## Task description
Retype all of the listing exactly, with no pictures.

## Data to use
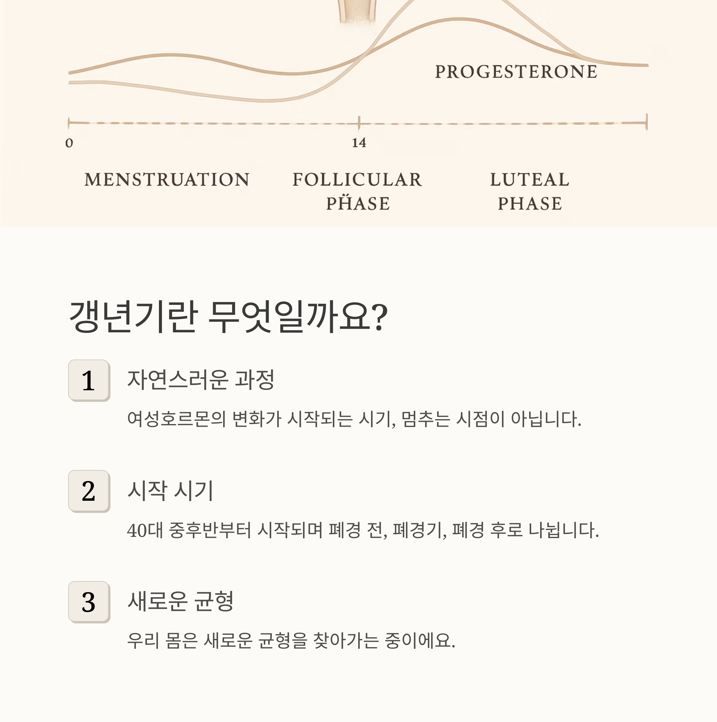 40대 중후반부터 시작되는 갱년기는 폐경 전, 폐경기, 폐경 후로 나뉘는데요, 생리 주기가 불규칙해지거나, 감정 기복이 심해지고, 잠 못 이루는 밤을 보내는 등의 변화를 경험하게 돼요. 하지만 이 모든 변화는 자연스러운 과정이고, 우리는 충분히 이 시기를 잘 헤쳐나갈 수 있어요. 조금 불편한 증상들이 나타나더라도, ‘아, 내 몸이 변하고 있구나’ 하고 받아들이고, 긍정적인 마음으로 새로운 변화에 적응해 나가는 자세가 중요해요.
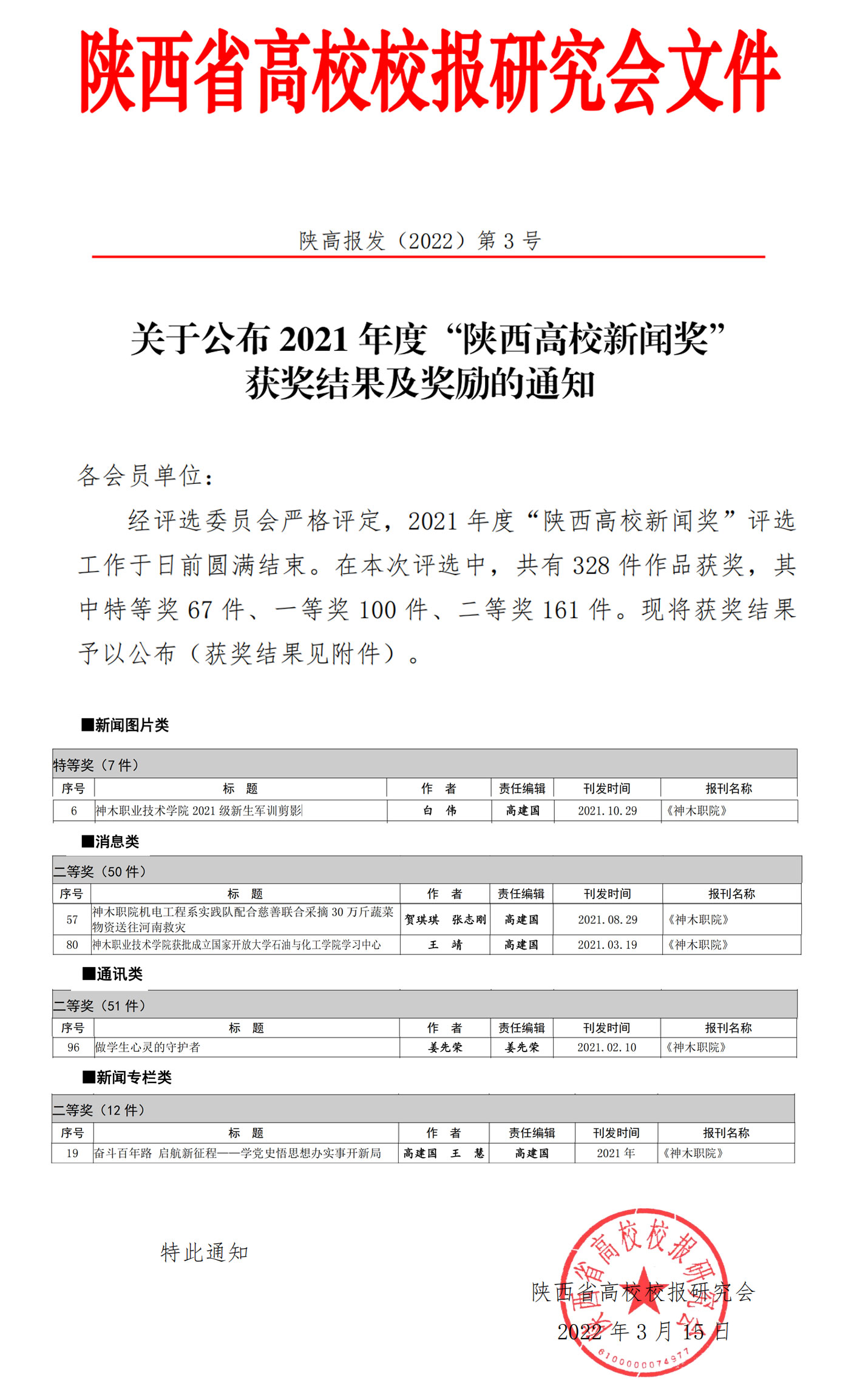 3月15日,2021年度“陕西高校新闻奖”评选结果揭晓,365上市公司官网报送的5件参评作品获奖。其中,特等奖1项,二等奖4项。
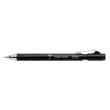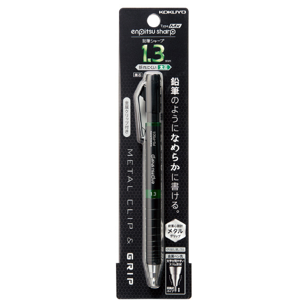 ●上質なデザイン、大人の太芯シャープペンシル。落ち着いたダークトーンのボディに金属クリップの光沢が際立つ。
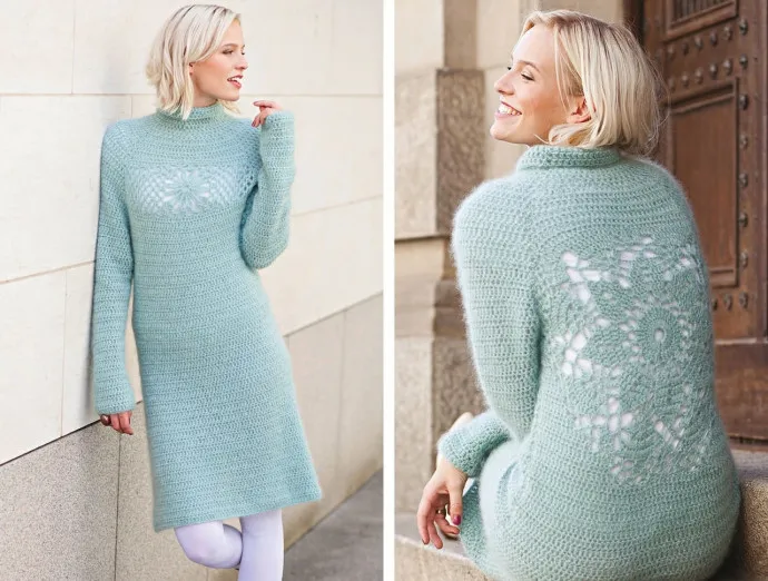 Пряжа (72% мохера, 21% нейлона, 7% полиэстера; 127 м/25 г) — 450 (500) г нежно-голубой; крючок №5.
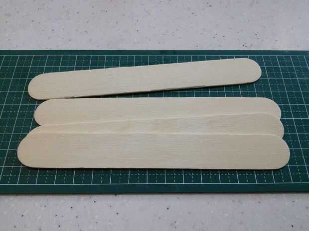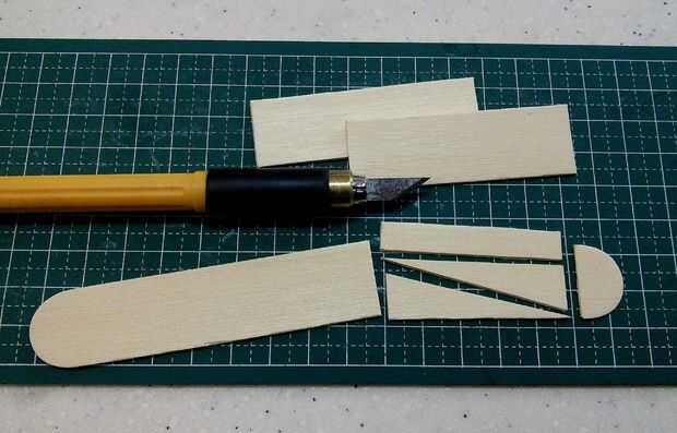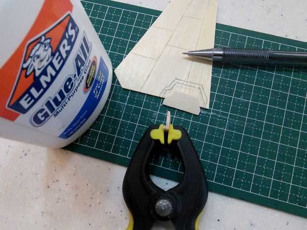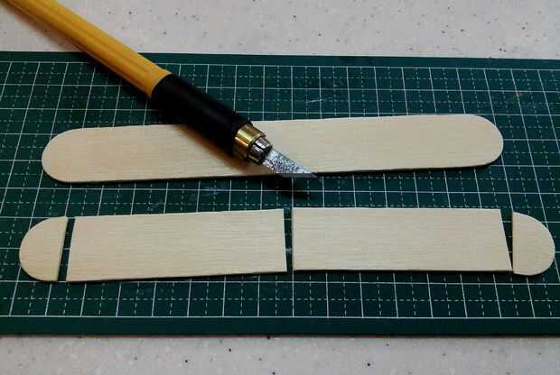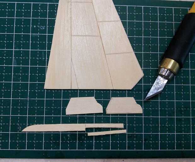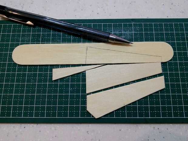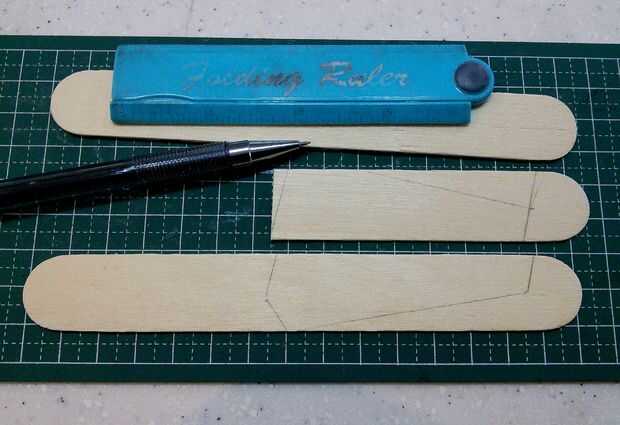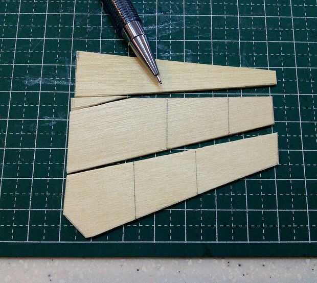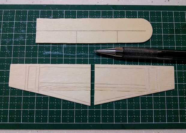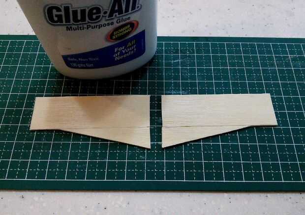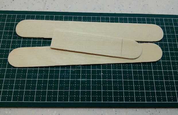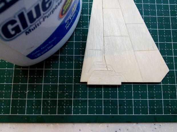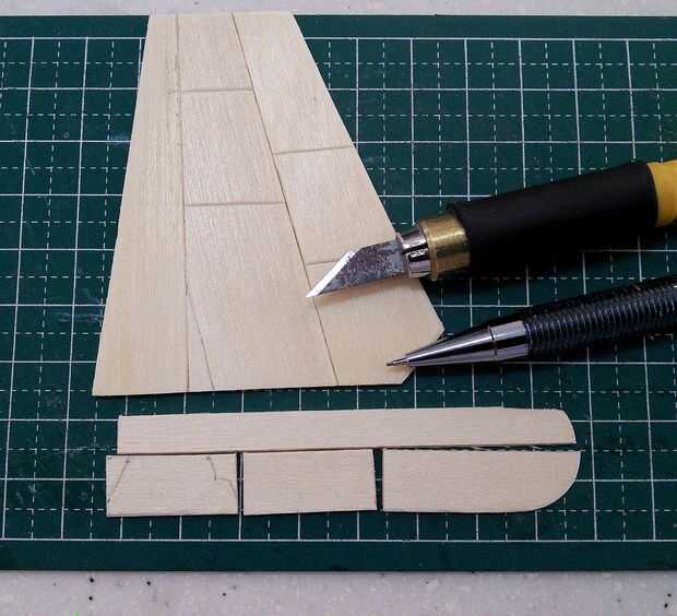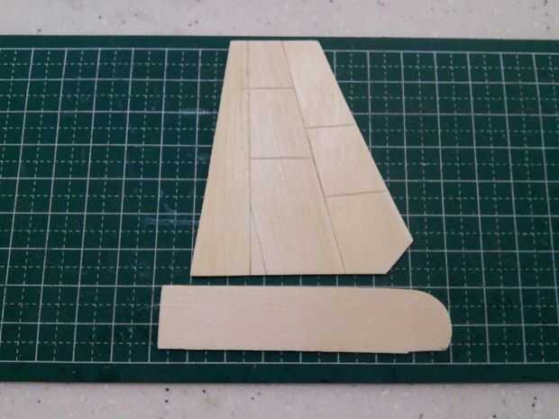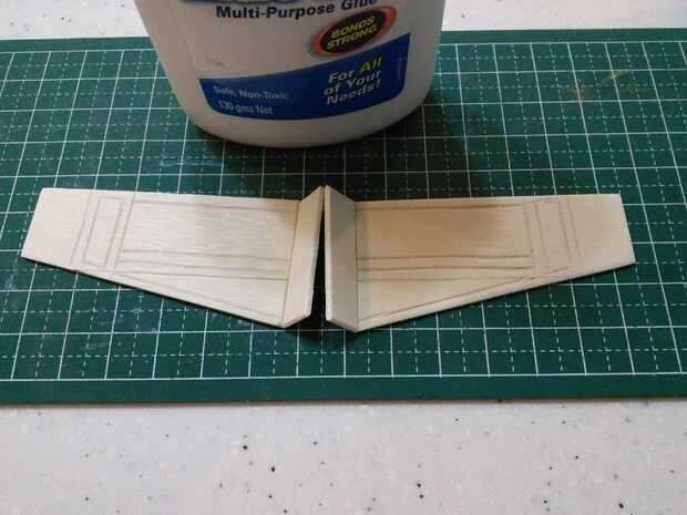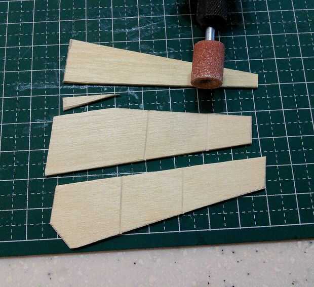 Del puerto y estribor estabilizadores fueron hechas de los misma palitos de amplio tamaño de depresor de lengua. El puerto y estribor 'alas' necesaria palitos bajalengua de tamaño de uno y una mitad. La 'mitad' debían ser rebanado diagonalmente con un cortador Olfa antes de que puede ser pegado a la mitad más grande. El borde sobrante de cada ala fue tallado fuera utilizando un accesorio lijadora grano mediano 1/2 tambor.
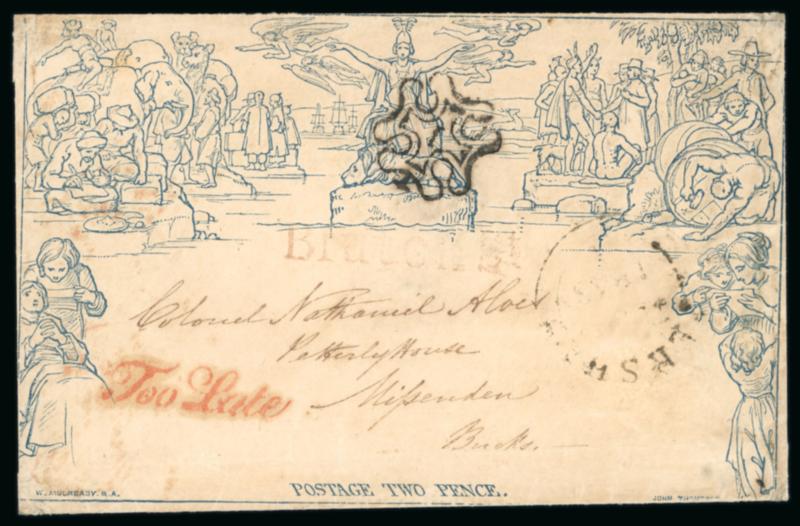 1843 (Jun 20) 2d Mulready envelope, stereo a195, from London to Buckinghamshire, cancelled by London number "1" in MC with "Bruton St" s/l hs below along with cursive "Too Late" hs and Amersham arrival, reverse with London despatch and complete eax seal for the Oriental Translation Committee, fine a
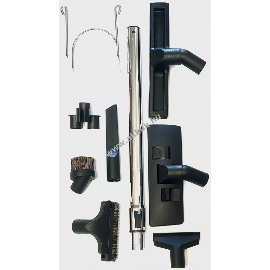 2db széles padlófúvóka, 1db résfúvóka, 2db kárpitos fúvóka, 1db kerek fúvóka, 1db teleszkópos rúd, meghosszabbítható, 1db fali tömlő tartó
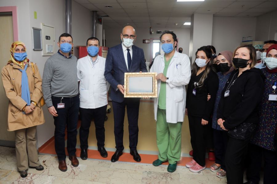Başkan V. Aydın’ı YYÜ Dursun Odabaş Tıp Merkezi Başhekimi Doç.Dr. Ümit Haluk İliklerden, Medikal Onkoloji Ana Bilim Dalı Üyeleri Prof. Dr. Ramazan Esen ile Dr. Öğr. Üyesi Umut Çakıroğlu karşıladı.

## Answer to the problem
 40대 중후반부터 시작되는 갱년기는 폐경 전, 폐경기, 폐경 후로 나뉘는데요, 생리 주기가 불규칙해지거나, 감정 기복이 심해지고, 잠 못 이루는 밤을 보내는 등의 변화를 경험하게 돼요. 하지만 이 모든 변화는 자연스러운 과정이고, 우리는 충분히 이 시기를 잘 헤쳐나갈 수 있어요. 조금 불편한 증상들이 나타나더라도, ‘아, 내 몸이 변하고 있구나’ 하고 받아들이고, 긍정적인 마음으로 새로운 변화에 적응해 나가는 자세가 중요해요.
 3月15日,2021年度“陕西高校新闻奖”评选结果揭晓,365上市公司官网报送的5件参评作品获奖。其中,特等奖1项,二等奖4项。
 ●上質なデザイン、大人の太芯シャープペンシル。落ち着いたダークトーンのボディに金属クリップの光沢が際立つ。
 Пряжа (72% мохера, 21% нейлона, 7% полиэстера; 127 м/25 г) — 450 (500) г нежно-голубой; крючок №5.
 Del puerto y estribor estabilizadores fueron hechas de los misma palitos de amplio tamaño de depresor de lengua. El puerto y estribor 'alas' necesaria palitos bajalengua de tamaño de uno y una mitad. La 'mitad' debían ser rebanado diagonalmente con un cortador Olfa antes de que puede ser pegado a la mitad más grande. El borde sobrante de cada ala fue tallado fuera utilizando un accesorio lijadora grano mediano 1/2 tambor.
 1843 (Jun 20) 2d Mulready envelope, stereo a195, from London to Buckinghamshire, cancelled by London number "1" in MC with "Bruton St" s/l hs below along with cursive "Too Late" hs and Amersham arrival, reverse with London despatch and complete eax seal for the Oriental Translation Committee, fine a
 2db széles padlófúvóka, 1db résfúvóka, 2db kárpitos fúvóka, 1db kerek fúvóka, 1db teleszkópos rúd, meghosszabbítható, 1db fali tömlő tartó
Başkan V. Aydın’ı YYÜ Dursun Odabaş Tıp Merkezi Başhekimi Doç.Dr. Ümit Haluk İliklerden, Medikal Onkoloji Ana Bilim Dalı Üyeleri Prof. Dr. Ramazan Esen ile Dr. Öğr. Üyesi Umut Çakıroğlu karşıladı.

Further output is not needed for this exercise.